> ASSIGNMENT
Although the data below contains pictures, output only the lines between those holding "Женский пижамный комплект" and "Reserved - Bawełniany", inclusive, exactly and without those pictures.

> RECORDS PROVIDED
****************************************

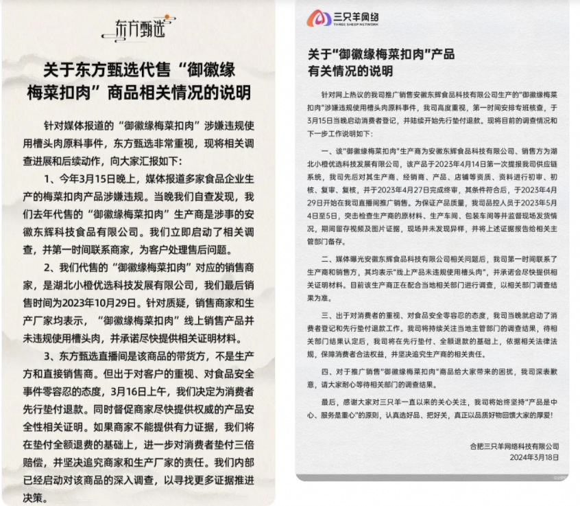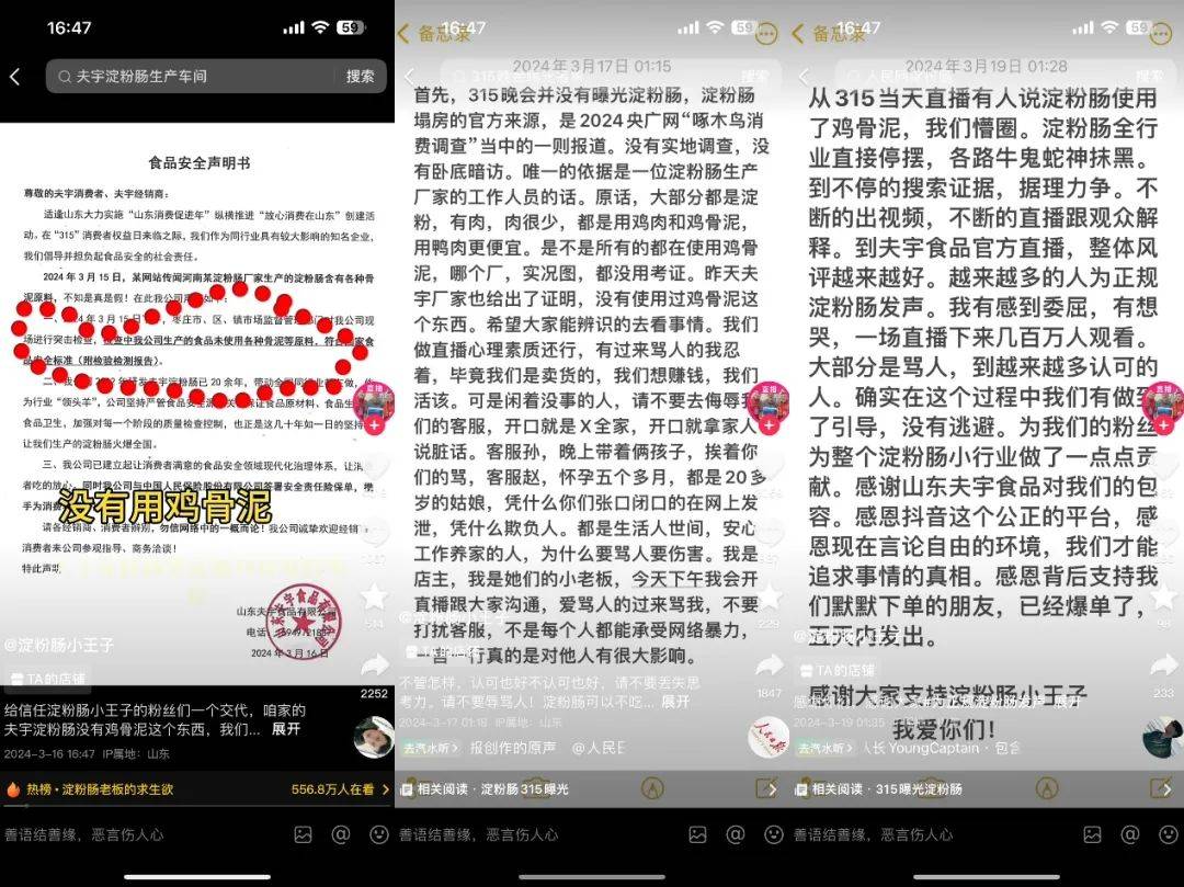 文|王亚琪 编辑|斯问 来源 | 电商在线 在“3·15”所有塌房的商品中,年轻人最舍不得的就是2元一根的“淀粉肠”。 在小红书上,#淀粉肠在家怎么做#迅速登上热门搜索词,超过13万篇笔记详细地介绍了淀粉肠的自制过程,从剁肉泥到灌肠、煮肠,让前两天大呼“不敢再吃”的吃货们,成功在家实现了“淀粉肠自由”。 “从3·15当天直播有人说淀粉肠使用了鸡骨泥,我们懵圈。淀粉肠全行业直接停摆,各路牛鬼蛇神抹黑。到不停地搜索证据、据理力争。不断地出视频,不断地直播跟观众解释……我有感到委屈,有想哭。”抖音博主“淀粉肠小王子”回忆,事发之初一场直播下来几百万人观看,大部分是骂人,但伴随着品牌方下场直播探访生产工厂,“(淀粉肠)爆单了”。 ![]() 灰豚数据显示,3月15日—20日,淀粉肠小王子的直播总销售额上涨520%,总销量上涨504%,3月17日开设的三场直播,有375万人次涌入直播间。同时被带火的还有山东夫宇食品有限公司,董事长亲自在直播间烤肠、吃肠,赫然让“夫宇淀粉肠”成为了烤肠界顶流。在淘宝、京东等电商平台上,不少第三方食品专卖店都将自家淀粉肠打上了“夫宇”的名字。 在淀粉肠这个原本“有品类无品牌”的行业,“3·15”竟意外地给品牌送来了一阵东风。 过去,每年的“3·15”,都是各行各业的“警戒日”,生怕自己被卷入风波中。一旦被曝光,汹涌而来的负面流量,对任何一家企业而言都是致命的,但伴随着抖音、快手等社交媒体的崛起,有了各方展示证据维护权益的机会。相比曾经“3·15”以曝光问题为思路的监督形式,如今的品牌们并不愿意和自己的同行“共沉沦”——使用“鸡骨泥”的淀粉肠被打上了耻辱柱,但没有使用“鸡骨泥”的品牌呢?淀粉肠的“翻身之仗”,是否也具备可被复制的可能性? ![]() 图源:小红书 “3·15”曝光后,销量反而暴涨500% 工作服上贴着“没有骨泥”,背后的集装箱上继续强调一遍:“没有加鸡骨”,主播时不时还把食品安全声明书和检验检测结果表拿出来,给新进直播间的粉丝认真解释一遍:“咱家淀粉肠只有淀粉和鸡肉!”在“淀粉肠小王子”直播间,和“鸡骨泥”划清界限是核心的直播思路。 复盘主播的走红,“回应及时”是口碑逆转的前提。 “3·15”晚会刚刚结束的次日,淀粉肠小王子就发布了回应视频,贴出了所售商品的食品安全声明书,声称“我们的朋友、员工、孩子,大家都特别喜欢吃淀粉肠,每天直播炫好几根,大家放心购买”;3月17日,他又发布视频表示“是不是所有的都在使用鸡骨泥,哪个厂,实况图,都没有考证……希望大家辩证地去看事情。”并呼吁不要网暴自己的员工。 ![]() “我们做直播的心理素质还行,有过来骂人的我忍着,毕竟我们是卖货的,我们想赚钱,我们活该,可是闲着没事的人请不要去侮辱我们的客服,开口拿家人说脏话。客服孙,晚上带着俩孩子,挨着你们的骂,客服赵,怀孕五个多月,都是20多岁的姑娘,凭什么你们张口闭口地在网上发泄,凭什么欺负人……我是她们的小老板,下午开直播爱骂人的过来骂我。” 同一天,为了展示淀粉肠卫生可靠,淀粉肠小王子在直播间直接试吃,两小时内一口气吃了十多根。也是3月17日的直播,让淀粉肠在舆论场逐渐有“反转”的痕迹,“不要一杆子打死所有淀粉肠”的声音开始蔓延。这一天,“淀粉小王子”直播间涌入了375万人次,销售额翻到2.5万—5万元区间。“3·15”之前,其平均日销售额在万元甚至5000元以内。 ![]() ![]() 同期,品牌方的参与,又为淀粉肠的“翻盘”添了一把火。 3月16日,山东夫宇食品有限公司发布食品安全声明书并公开生产流程。声明称:“2024年3月15日下午,枣庄市、区、镇市场监督管理部门对我公司现场进行突击检查,检查中我公司生产的食品未使用各种骨泥等原料,符合国家食品安全标准。” 18日,为自证清白,夫宇在自家生产车间开启直播,董事长现场吃烤肠,直播间实时观看人数突破2万人。 数据显示,3月15日—20日,“淀粉肠小王子”直播间总销售额达25万—50万元,环比上涨520%;销量10000—25000件,环比上涨504%;总观看人次703万,上涨超999%。 值得关注的是,“3·15”晚会前,该直播间的流量来源中近60%都来自付费流量,仅30%左右来自“推荐feed流”,也就是平台推荐,但自3月17日开始,平台推荐流量开始上涨至约50%,3月18日更是上涨至80%。不难发现,以“3·15”为爆发节点,负面事件引发的流量同样惊人,而淀粉肠得以“掰回一局”,既有主播和品牌方的“不甘”和自证清白,也有平台携流量助攻、放大的影子。 ![]() 3月17日开始,“淀粉肠小王子”直播间推荐流量占比不断上涨 “掰回一局”后,淀粉肠就能放心吃了吗? 在舆论场得到“缓冲机会”的淀粉肠,能重新赢回自己的口碑吗? 目前来看,影响依然存在。最重要的原因在于,淀粉肠其实没有统一的国家标准,企业送检时都是采用各自的企业标准,检测标准并不一致。比如,夫宇采用的是《鸡肉熏烤粉肠》(Q/ZZFY 0004S-2022)这一标准,河南开开食品有限公司采用的是《蒸煮淀粉肉肠》(Q/SKS 0001S-2023),河南双润食品有限公司依据的则是《风味烤肉粉肠》(Q/HSS 0001S-2023)。 即使是如今因“口碑逆转”获益最多的夫宇,也无法让所有消费者信服。 ![]() 一方面是因为高于其他品牌的均价,有网友表示:“其他家烤肠便宜的才几毛钱,但这家一根要一两块”,相对高的价格让消费者对其褒贬
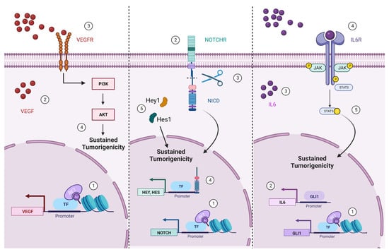 PI3K/AKT signaling pathway is frequently dysregulated in GBM cells, due to alterations in several signaling proteins. Two well-known GBM hallmarks are RTK amplification and phosphatase and tensin homolog (PTEN) loss of function or abnormal activation, which are an upstream and downstream component of PIK3/AKT axis, respectively []. Over the last few decades, hyper-activation of PI3K/AKT signaling pathway in malignant brain tumors, including GBM, has been frequently related to genetic and epigenetic alterations. Indeed, the role of BRD4 in PI3K/AKT signaling pathway [] and its overexpression in GBM suggest a functional relationship. BRD4 silencing or pharmacological inhibition by JQ1 treatment seems to limit the stemness of murine GSCs and their cellular plasticity by decreasing the NSC marker Nestin and the ciliary neurotrophic factor. BRD4 inhibition impairs cell proliferation, induces apoptotic death by favoring DNA damage, and allows murine GSC to differentiate into astrocytes []. The main mechanism by which BET inhibition mediates these effects is through down-regulation of VEGF/PI3K/AKT pathway. BRD4 is known to regulate the key GSCs oncogenic properties by promoting VEGF expression; therefore, its knocking-down or inhibition reduces VEGF transcription and VEGFR activation and switches off all the downstream signaling pathways [] (Figure 3).
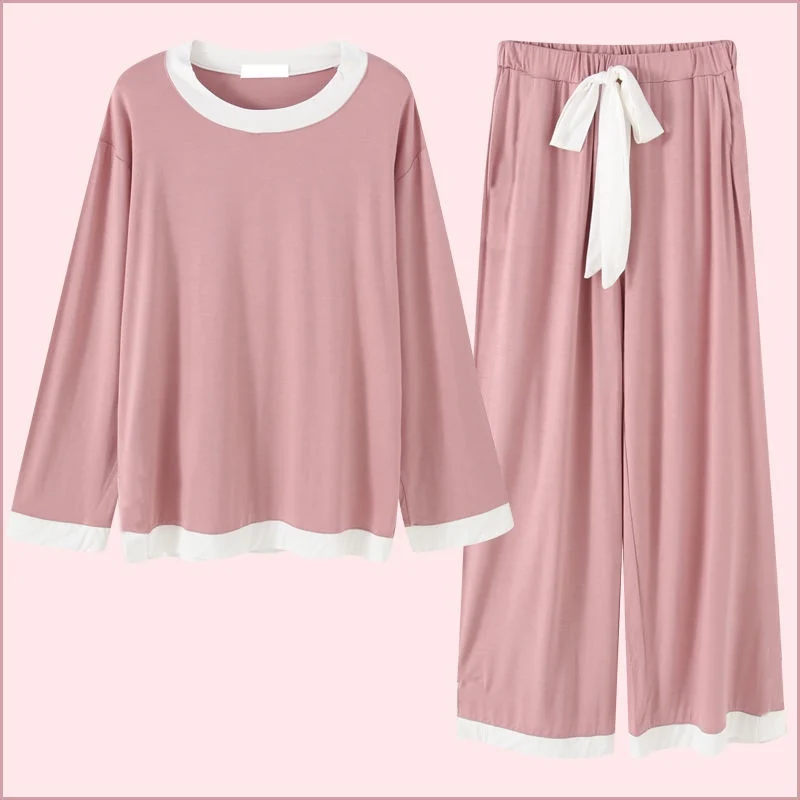 Женский пижамный комплект CAIYIER, розовый пижамный комплект с круглым вырезом, Длинный топ и брюки с бантом, свободная Ночная сорочка
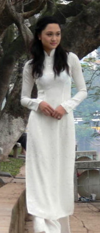 This is a retouched picture, which means that it has been digitally altered from its original version. Modifications: cropped, colour is auto-ajusted. The original can be viewed here: Áo_dài,_Hồ_Gươm.jpg. Modifications made by Kauffner.
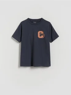 Reserved - Bawełniany t-shirt z nadrukiem - granatowy
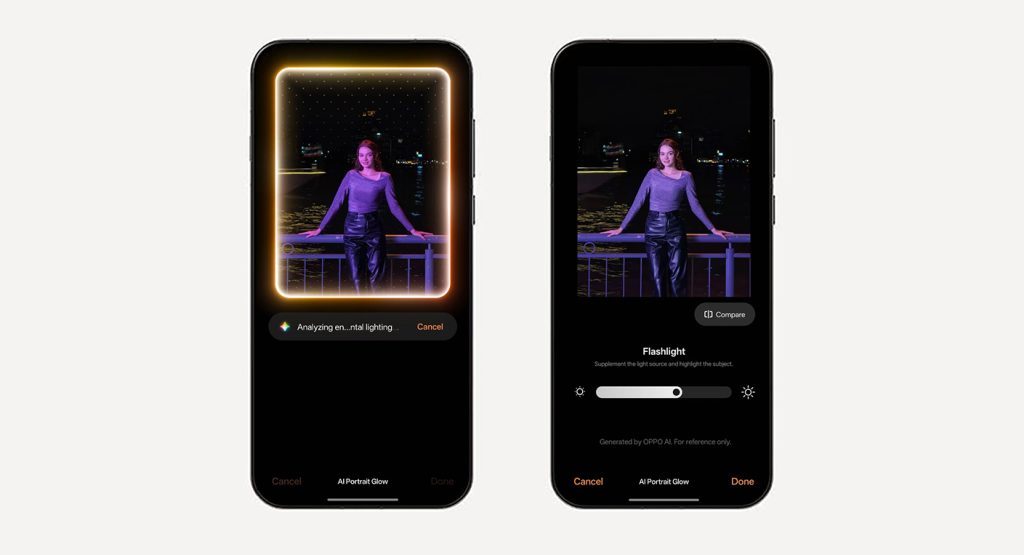 En outre, ColorOS 16 enrichit sa gamme d’outils de retouche photo avec la fonctionnalité AI Portrait Glow. Cette technologie améliore les portraits pris en conditions de faible luminosité en ajustant automatiquement les tons de peau et l’éclairage, offrant un rendu équilibré et naturel en un seul geste.
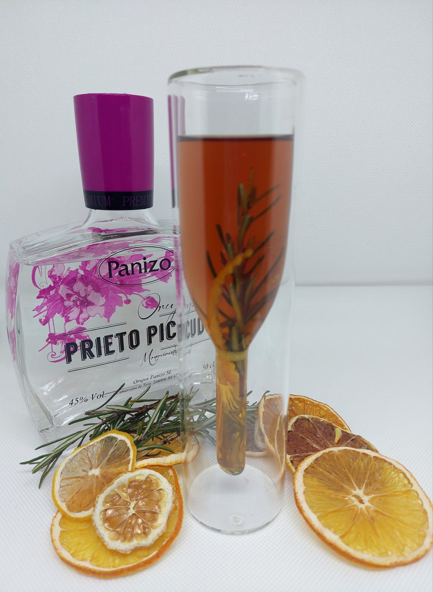 Decorar con un ramillete de romero, naranja y limón que introduciremos dentro de la copa.
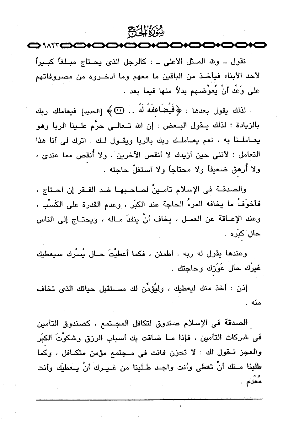 الصدقة في الإسلام صندوق لتكافل المجتمع، كصندوق التأمين في شركات التأمين، فإذا ما ضاقت بك أسباب الرزق وشكوْتَ الكِبَر والعجز نقول لك: لا تحزن فأنت في مجتمع مؤمن متكافل، وكما طلبنا منك أنْ تعطي وأنت واجد طلبنا من غيرك أنْ يعطيَك وأنت مُعْدم.

****************************************

> SOLUTION FOR THIS TASK
 Женский пижамный комплект CAIYIER, розовый пижамный комплект с круглым вырезом, Длинный топ и брюки с бантом, свободная Ночная сорочка
 This is a retouched picture, which means that it has been digitally altered from its original version. Modifications: cropped, colour is auto-ajusted. The original can be viewed here: Áo_dài,_Hồ_Gươm.jpg. Modifications made by Kauffner.
 Reserved - Bawełniany t-shirt z nadrukiem - granatowy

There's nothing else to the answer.